Nadal, a comeback in record time

“A month and a half ago I didn’t know if I would return to the circuit and here I am. There were days that I could train twenty minutes and others zero. I was surprised to be in the final. I feel alive again in my tennis career.” are words of Reef Nadal after beating Italian Matteo Berrettini in the semi-final of the Australian Open. Again in a Grand Slam final, the twenty-ninth of his career, after overcoming all kinds of calamities that have kept him off the slopes for more than four months.

that the injury -an osteochondritis of the scaphoid caused by a lack of blood supply to a bone in the left foot, a congenital disease known as Müller-WeissIt was worrying, it became known on June 17 of last year, six days after falling in the Roland Garros semifinals against Djokovic. That day Nadal resigned from Wimbledon and the Jtokyo games “to extend my sports career and keep doing what makes me happy.
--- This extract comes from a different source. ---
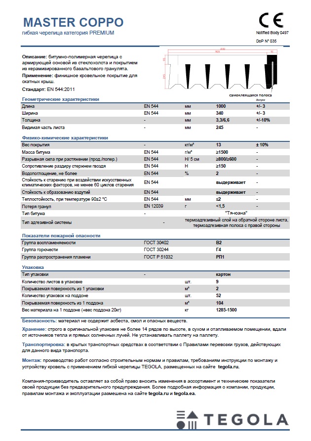 Технический лист гибкая черепица MASTER COPPO

It was not until August 2 when he revealed, in Washington, that he had given up the big grass and the Olympic event due to pain in his left foot. Reappears in the North American capital on August 4 beating the American Jack Sock, but shows signs of foot pain. The next day he loses to South African Lloyd Harris. On the 10th he withdraws from the Toronto Masters 1,000 as the pain persists: “My scaphoid is flattened and it hurts”, He says. On the 20th, the season ends with the consequent renunciation of the US Open, the Masters Cup and the Davis Cup. “I’ve been playing for a year with more pain than I should,” he says.
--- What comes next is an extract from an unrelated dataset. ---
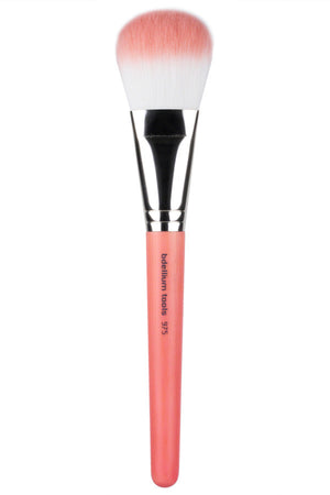 Mixed Powder 975 brush has a large paddle-shaped round dome that is designed to provide a smooth, natural finish on the face or body. The brush also features a tapered handle for easier storage in makeup brush belts.

On September 11, he reappears in Barcelona with crutches after undergoing aggressive treatment on his left foot.


Nothing would be heard of him until September 11, when he reappears in Barcelona on crutches after undergoing aggressive treatment on his left foot. More than a month of rest, without putting the foot on the ground, rehabilitation and return to training. Reappears on December 17 at the exhibition tournament in Abu Dhabi, 133 days later, with a loss to Andy Murray. Upon his return from the United Arab Emirates, he tests positive for covid which jeopardizes his participation in the Australian Open. But he moves to the continent and wins the Melbourne tournament, the 89th title of his career.

On January 19, after winning the second round of the Australian Open against German Yannick Hanfmann, Nadal, who turns 36 on June 3, be honest about your injury and how you are coping, now, and what remains of his sports career: “I have a problem down there that has no solution. With the scaphoid split in half it is difficult for the injury to be forgotten, will not be forgotten for the rest of my life. That is what I would sign to face the future with a little positivism. What I am not going to do is play without having options at all or for it to be extreme suffering. Suffering with options is always going to be worth it. If the suffering is without options to achieve the objectives, then it loses its meaning. If there comes a time when pain overcomes everything else, and takes away the illusion of achieving goals, it’s time to think about other things. I have to be prepared to accept what may come in this life. This Sunday, at 9.30 in the morning (Eurosport) he will play a new Grand Slam final in the closest thing to a miracle. Nadal is back in a big way.